### Your goal:
Strip out all images, then restate the data verbatim.

### Given data:
:::::
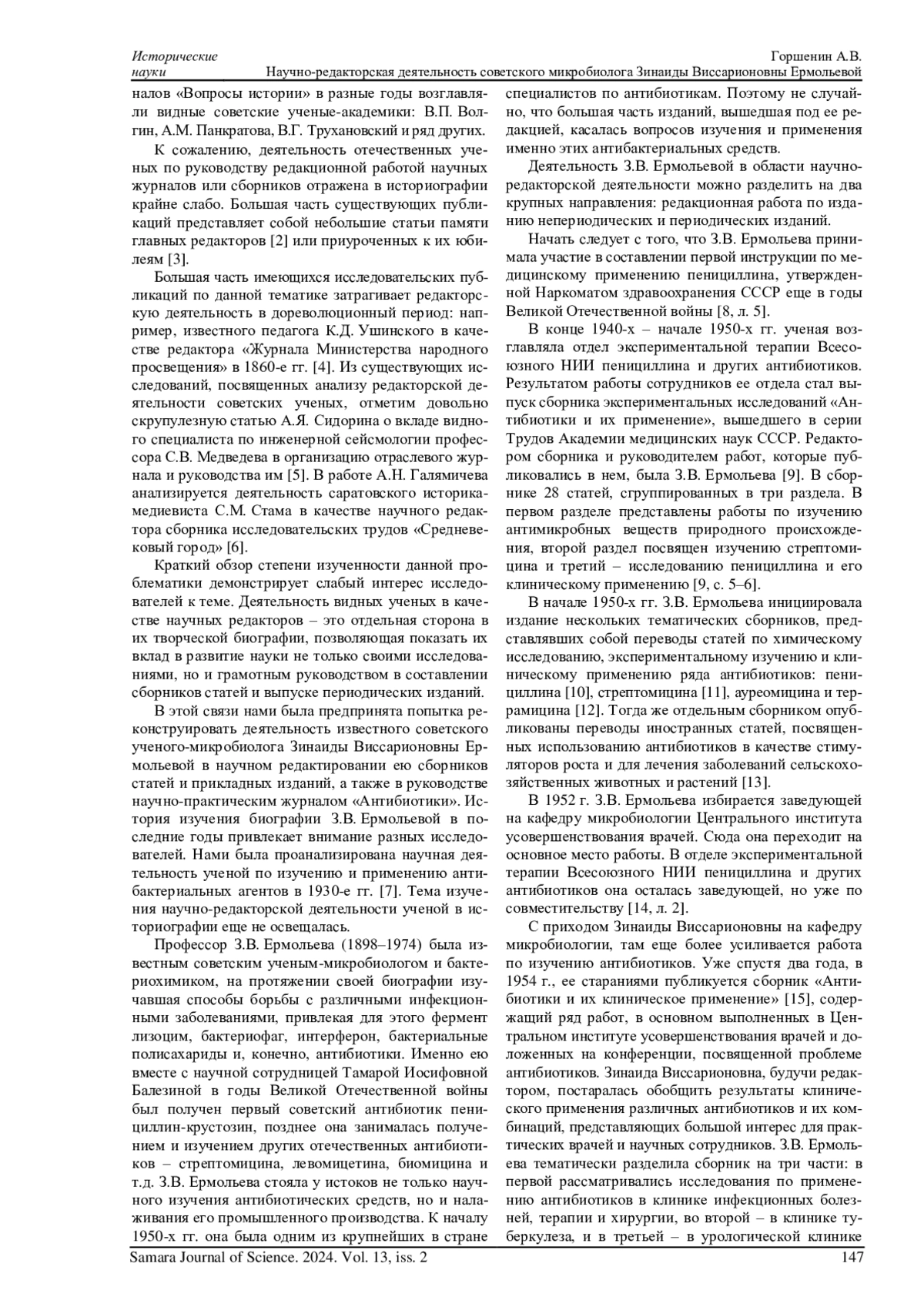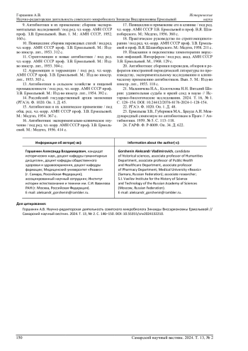 7. Горшенин А.В. История научно-практической деятельности советского микробиолога З.В. Ермольевой по изучению и применению антибактериальных агентов в 1930-е гг.: монография. Самара: Инсома-пресс, 2022. 224 с.
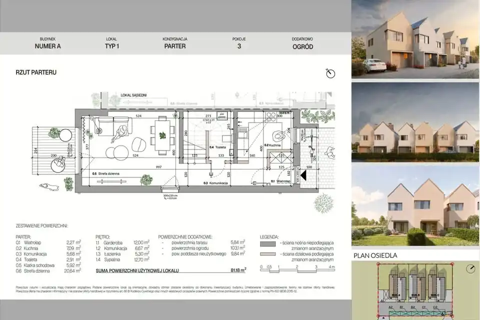 Każde mieszkanie posiada własne miejsce postojowe oraz prywatny ogródek, który możesz zaaranżować według swoich potrzeb: strefa relaksu, ogródek warzywny czy plac zabaw dla dzieci? Wybór należy do Ciebie.
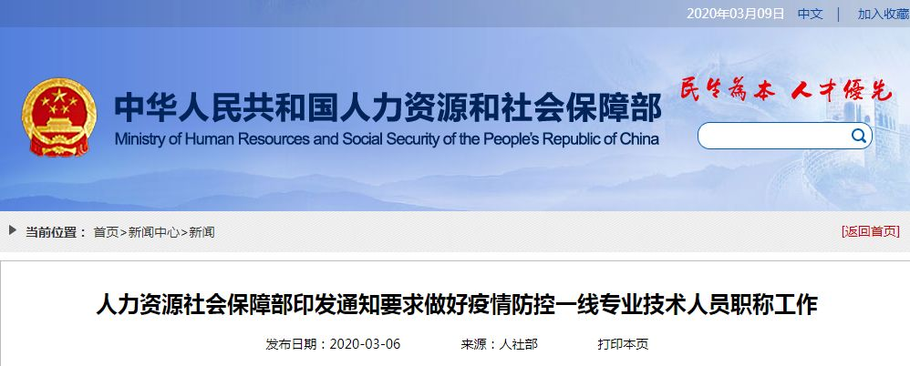 人力资源社会保障部印发通知要求做好疫情防控一线专业技术人员职称工作
:::::
### Result:
 7. Горшенин А.В. История научно-практической деятельности советского микробиолога З.В. Ермольевой по изучению и применению антибактериальных агентов в 1930-е гг.: монография. Самара: Инсома-пресс, 2022. 224 с.
 Każde mieszkanie posiada własne miejsce postojowe oraz prywatny ogródek, który możesz zaaranżować według swoich potrzeb: strefa relaksu, ogródek warzywny czy plac zabaw dla dzieci? Wybór należy do Ciebie.
 人力资源社会保障部印发通知要求做好疫情防控一线专业技术人员职称工作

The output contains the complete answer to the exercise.